Toward Prediction of Magnetic Properties in Layered Vanadyl Phosphonates:  Correlation of Magnetic Exchange with the Hammett σ Parameter

The magnetic properties of the layered vanadyl phosphonates (LVPs) VO(O3PC6H4−X)·nH2O (X = p-NO2, m-F, p-Cl, p-F, H, p-CH3) have been investigated. In the isostructural n = 1 series (X = p-NO2, m-F, p-F, H), the paramagnetic d1 vanadyl centers are coupled via the O−P−O pathways of V(OPO)2V chair-like subunits. The magnetic properties of these LVPs can be systematically controlled by modification of the P atom's electronic environment via variations of the X group in the aryl pendant. The simple paramagnetism of the LVP featuring the strong electron withdrawing substituent X = p-NO2 gives way to increasing antiferromagnetic coupling between the VIV centers as the electron-donating ability of X is increased. Consistent with a chair-like V(OPO)2V exchange pathway between pairs of vanadyl centers, the temperature-dependent magnetic susceptibility data fit a Bleaney−Bowers dimer model.
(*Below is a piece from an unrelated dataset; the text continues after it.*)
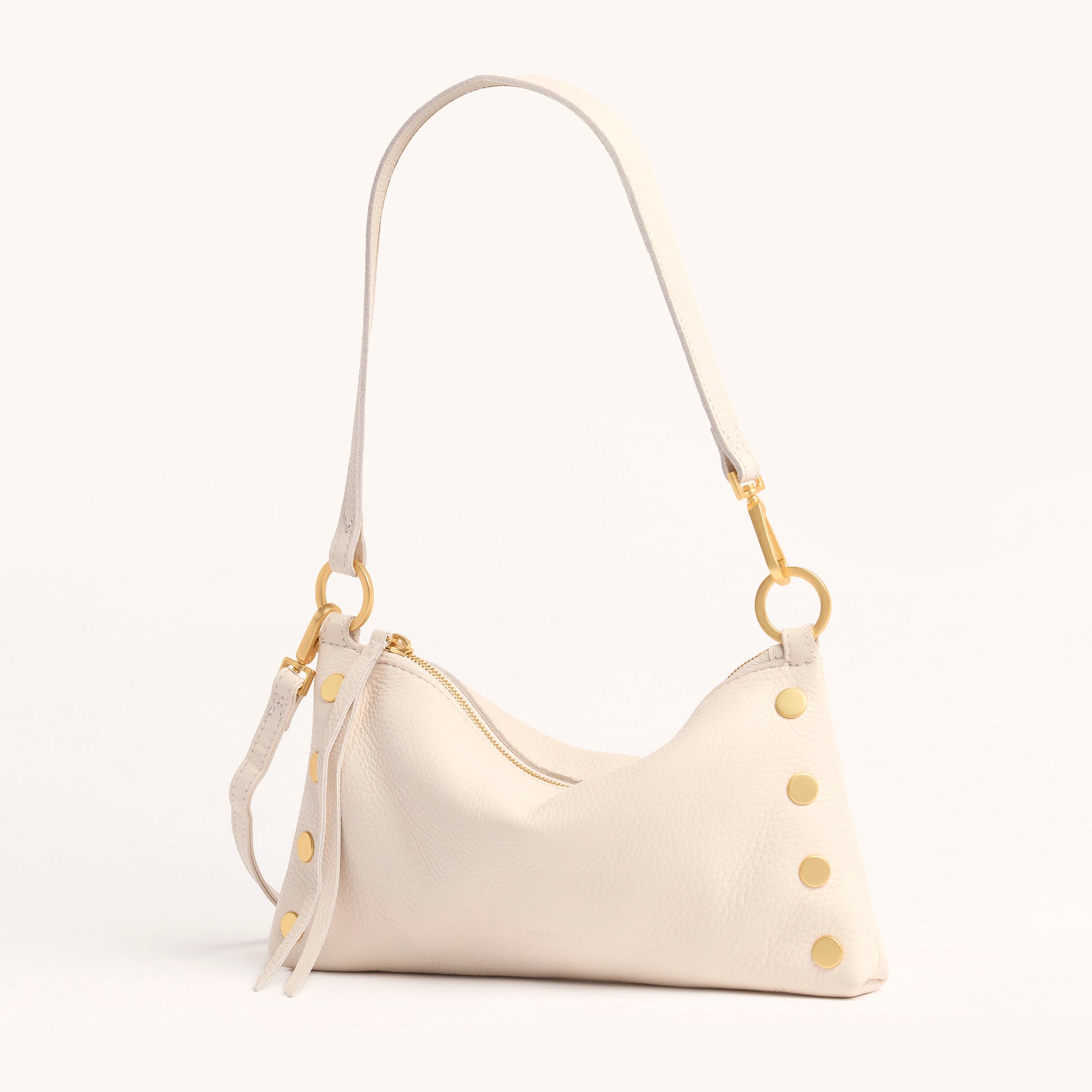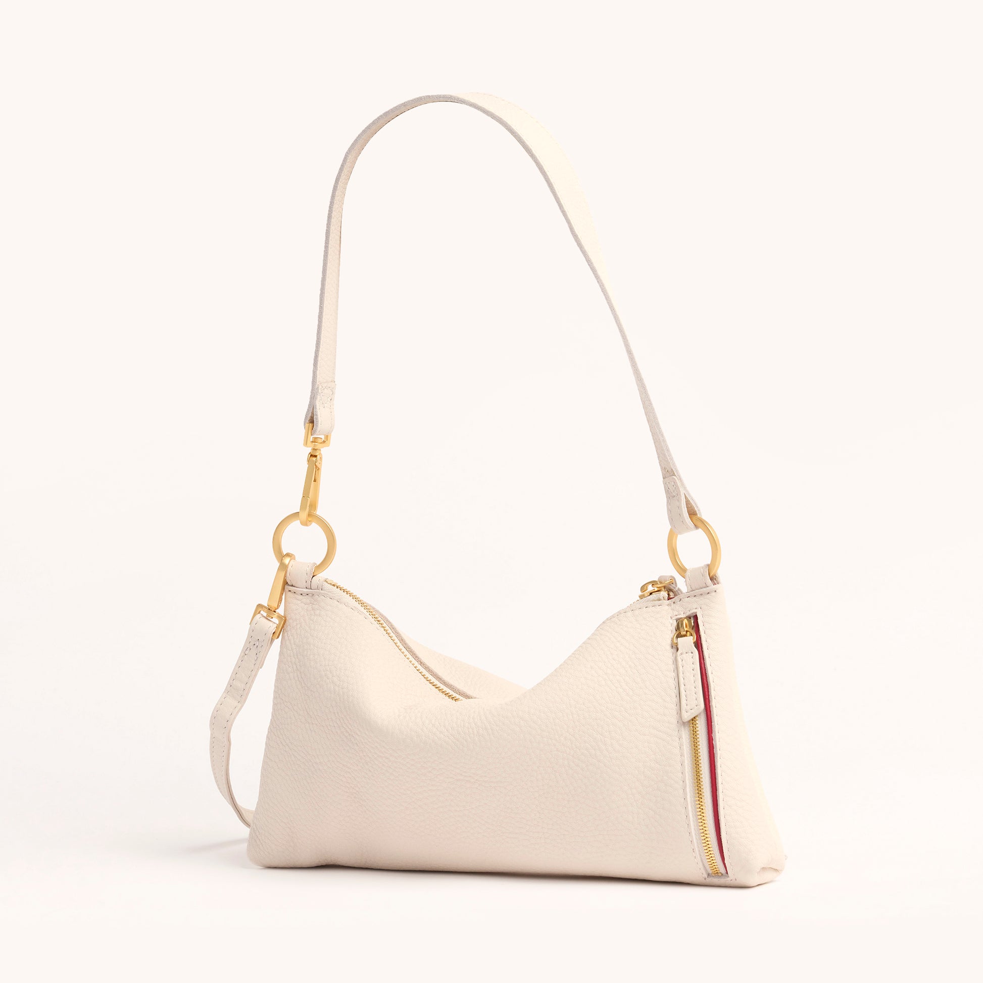 Trendsetters rejoice! This fresh, of-the-moment bag is entering the chat as a must-have companion for nights on the town. Featuring a slouchy but current shape, this versatile little number transitions from a wristlet to a shoulder bag in seconds flat. Plus, it's not just for the young and the restless: The Kyle also includes a removable and adjustable crossbody strap, so you can go hands-free - and carry a couple of cocktails. Our Calla Lily White collection is back by popular demand, featuring the same luminous warm white pebbled leather you love—now refreshed with brushed gold hardware for a touch of edgy elegance.

When the substituent is large, as is the case for the p-Cl and p-CH3 species, a structurally different class of LVPs is obtained, in which n = 1.5. In this case, the contribution of the O−P−O linkage is overwhelmed by the presence of the more direct exchange pathway of vanadyl centers through μ2-bridging oxygens of a V(μ2-O)2V dimer, obviating the effects of electronic variations in the phosphonate bridge. Our results show that magnetic coupling correlates with a simple measure of electronic perturbation of the exchange pathway in LVPs, implying that such interactions can be tuned using the traditional tools of physical organic chemistry.